I czwarta wersja tej licencji, z którą ja się osobiście nie spotkałem, to jest licencja 4-klauzulowa, która do wszystkich wyżej wymienionych dokłada jeszcze taki warunek, że jeżeli nasza praca pochodna w reklamach wymienia funkcje, z których korzystamy, które są jakby za przyczyną tego softu, to musimy jakby dać znać, że korzystaliśmy z tej oto biblioteki i dzięki temu mamy dostarczone na przykład takie feature. To wszystko, jeżeli chodzi o licencję BSD. 

I trzecia taka bardzo popularna licencja, to jest licencja Apache. Od właśnie oprogramowania do hostowania serwerów Apache. Stamtąd się wchodzi ta licencja. Ma bardzo podobne postanowienia do licencji MIT, czyli tak, też musimy zawrzeć copyright notice, też poinformować o tym, że używamy w oprogramowaniu właśnie na tej licencji, dać kredyt autorom i oprócz tego dokłada jeszcze pewne warunki na temat patentów. 

I teraz, o co tutaj chodzi? Jeżeli jako kontrybutor włączamy nasz jakiś kod, czyli coś dodajemy od siebie do licencji Apache, dostajemy prawa do korzystania ze wszystkich patentów, które wiążą się z tym oprogramowaniem i tak samo jeżeli my włączamy jakiś kod na licencji Apache, do której mamy patent, to tak samo my dajemy inną możliwość korzystania z tego patentu i jednocześnie jest taki warunek, że jeżeli chciałbyś pozwać kogoś w sądzie za to, że korzysta z twoich patentów, których udzieliłeś jakby, będąc kontrybutorem, to automatycznie, jeżeli pozyskałeś przez kontrybucję prawa do takich patentów, w momencie gdybyś próbował pozwać kogokolwiek w sądzie, tracisz automatycznie możliwość wszelkie prawa do tych patentów. 

Tak że w skrócie można to podsumować jako takie dzielenie się patentami i nie ciągajmy się po sądach, nie pozywajmy się wzajemnie. Takie najważniejsze założenie licencji Apache. 

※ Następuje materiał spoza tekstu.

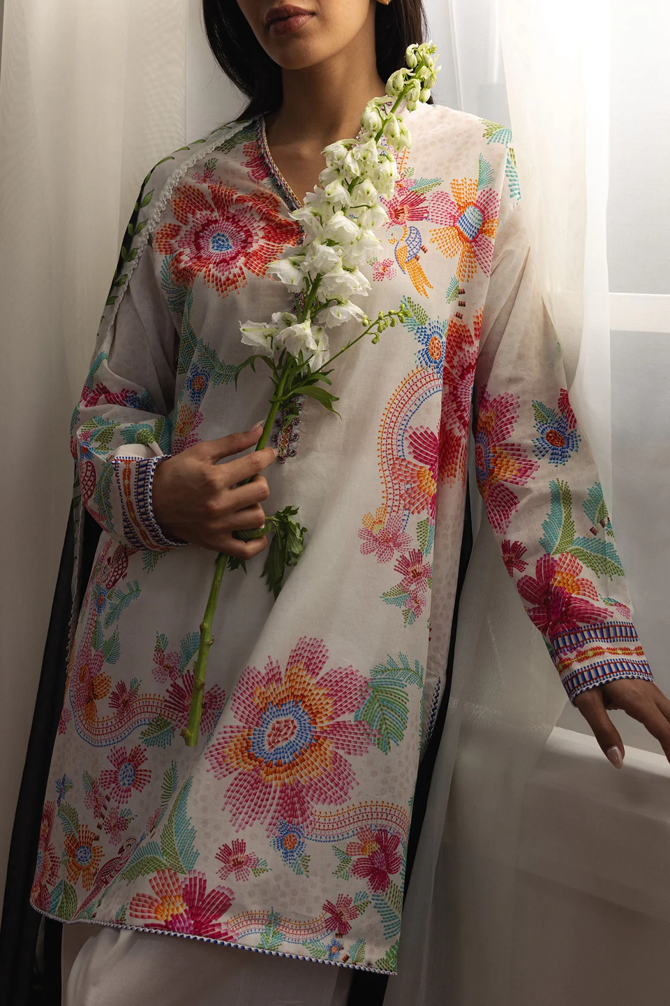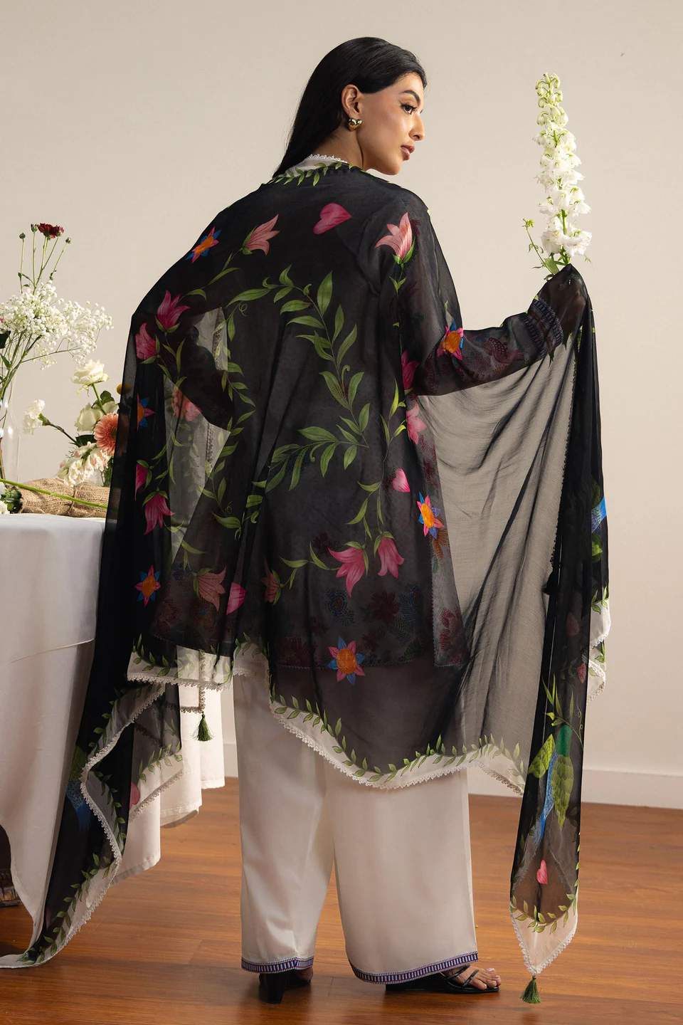 A delicate interplay of pastel florals and ornamental birds on an off-white base. Light, airy, and feminine, the look is elevated with a striking black dupatta adorned with vivid floral garlands—balancing softness with bold contrast.

I to były trzy najpopularniejsze licencje takie liberalne i teraz przejdźmy na drugi biegun, czyli na licencje restrykcyjne i zacznijmy sobie od licencji GPL, o której wspomniałem. Autorem tej licencji był Richard Stallman, o którym już wcześniej mówiliśmy i licencja GNU GPL właśnie wywodzi się od systemu operacyjnego GNU. I ona była skonstruowana w ten sposób, żeby uniemożliwić ludziom, którzy by tworzyli jakby pochodne dzieła, zamknięcie kodu źródłowego i niedzielenie się tymi wszelkimi zmianami. Czyli ta licencja wymusza na nas, że jeżeli włączymy jakąś bibliotekę czy jakiś framework, na licencji GPL do naszego projektu, musimy jednocześnie udostępnić kod źródłowy tego projektu i wszelkie modyfikacje na postanowieniach tej samej licencji. 

I stąd się wzięła też nazwa takiej licencji wirusowej, ponieważ jakby zaraża swoją licencją, swoimi postanowieniami wszelki software, w którym to wykorzystujemy. I tu niestety jest bardzo duży problem z wykorzystaniem tego w zastosowaniach komercyjnych, ponieważ z natury, jeżeli mamy jakiś projekt komercyjny, to bardzo pilnie strzeżemy tego kodu źródłowego, więc wykorzystywanie jako prac pochodnych takiej licencji niestety odpada kompletnie. 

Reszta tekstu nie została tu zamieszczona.